Il visitatore increspò le labbra in un sorriso "Ti ringrazio per il complimento, vecchio. Quanto alla domanda che mi hai posto, sono piuttosto riluttante a rispondere, visto che si tratta di un... Segreto!"
 "Addio, demone." lo salutó Falco, anticipando la sua scomparsa. Sapeva che il Mazoku sarebbe andato ad accertarsi di persona del buon esito del rituale prima ancora che comparisse nelle tenebre della sua casa, e che lo accoltellasse mortalmente per impedirgli di accorrere in soccorso della sua allieva. Ma aveva commesso un terribile errore. Non capiva per quale motivo non lo avesse finito immediatamente, invece di lasciarlo in vita, seppur agonizzante. Si accasciò al suolo, tremante.
Gli restava poco tempo. Poco tempo per tentare di cambiare il destino.
Chiuse gli occhi per l'ultima volta in questo mondo...
 
... e Gourry aprì i propri. Si sentiva forte, pieno di energie. Balzò in piedi, impugnando la Spada di Luce.
Vide Zel e Amelia riversi a terra. Il respiro era molto debole, ma presente.
Presto Gourry... Ti resta poco tempo.
Lo spadaccino non perse tempo a chiedersi perché sentiva la voce del precettore di Lina nella sua mente.
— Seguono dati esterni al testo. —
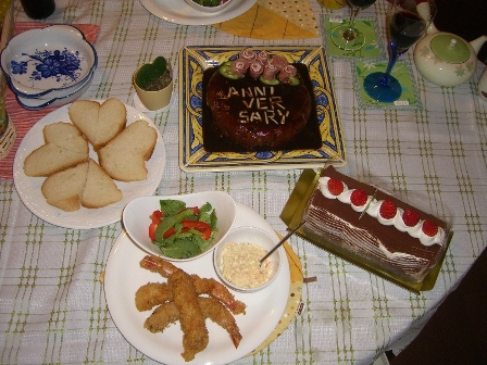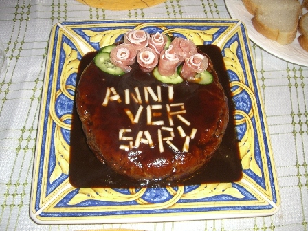 今日はエイプリルフールですねぇ本日、ワタクシ結婚記念日でございましたぁ 早いもので、もう1年も経ってしまったのですねぇ自分で言うのもなんですが・・・ 相変わらずのラブラブ夫婦ですよ~ (コイツ(゚Д゚)ウゼェェェ さてさて、本日のディナーですが・・・ こんな感じにしてみました メインは、 こちらの、 【ギャル曽根が食べるのかよどでかハンバーグ】 (笑) この量のひき肉をコネるのはなかなか大変でしたバラの花=生ハム、葉=キュウリ、文字=チーズ もちろんソースも手作りよ あとは、【普段は絶対買わない、大きいエビを買ってエビフライ 手作りタルタルソース・プッチーナのサラダを添えて】 プッチーナって初めて買ってみたんですけど、ほんのり塩味で、プチプチしててものすごくおいしかったです そして、 【フランスパンハートの形に盛り付けて・・・ パンは手作りじゃないよ】 と、 【苺のチョコバナナロールMADE IN コージーコーナー】 以上がメニューになります昨日、パパが 「明日ご飯食べに行こうか?」って言ってくれたんですけど、 行きたかったお店が木曜休みだったのです記念日の外食は、また近々行く予定なので、 今日のご飯は普通にしようと思ったんだけど、せっかくの日にいつもと一緒じゃねぇって事で、ハンバーグとかエビフライとかいつも作るけど、盛り付けでごまかしてみました(笑) エイプリルフールが結婚記念日・・・・嘘クサイ(。-д-。) ですか 詳細は明日~~

Una sola cosa aveva importanza per lui in quel momento.
"Lina! Lina, dove sei?" chiamò, e l'eco risuonò della grotta.
La mente di Falco lo guidò verso l'uscita della grotta, mentre correva freneticamente, urtando gli speroni rocciosi. Intuì che il maestro di Lina, dotato di poteri telepatici, doveva essere entrato nella sua mente per permettergli di riacquisire le forze necessarie per salvare Lina. Per questo la vista andava e veniva, mente gli altri sensi erano estremamente affilati. Inoltre, era come se un occhio si fosse aperto nella sua mente, tutt'altro che cieco.
Ritrovò l'imboccatura della caverna, e li trovò il corpo gelato di Lina a terra, annaspante, come se stesse facendo un brutto sogno. Da cui, intuì, le era impossibile svegliarsi.
"Lina! Coraggio, svegliati!" urlò lo spadaccino prendendola tra le braccia.
Non può sentirti, spiegò Falco, Luna la tiene intrappolata in un'altra dimensione, per impadronirsi del suo corpo.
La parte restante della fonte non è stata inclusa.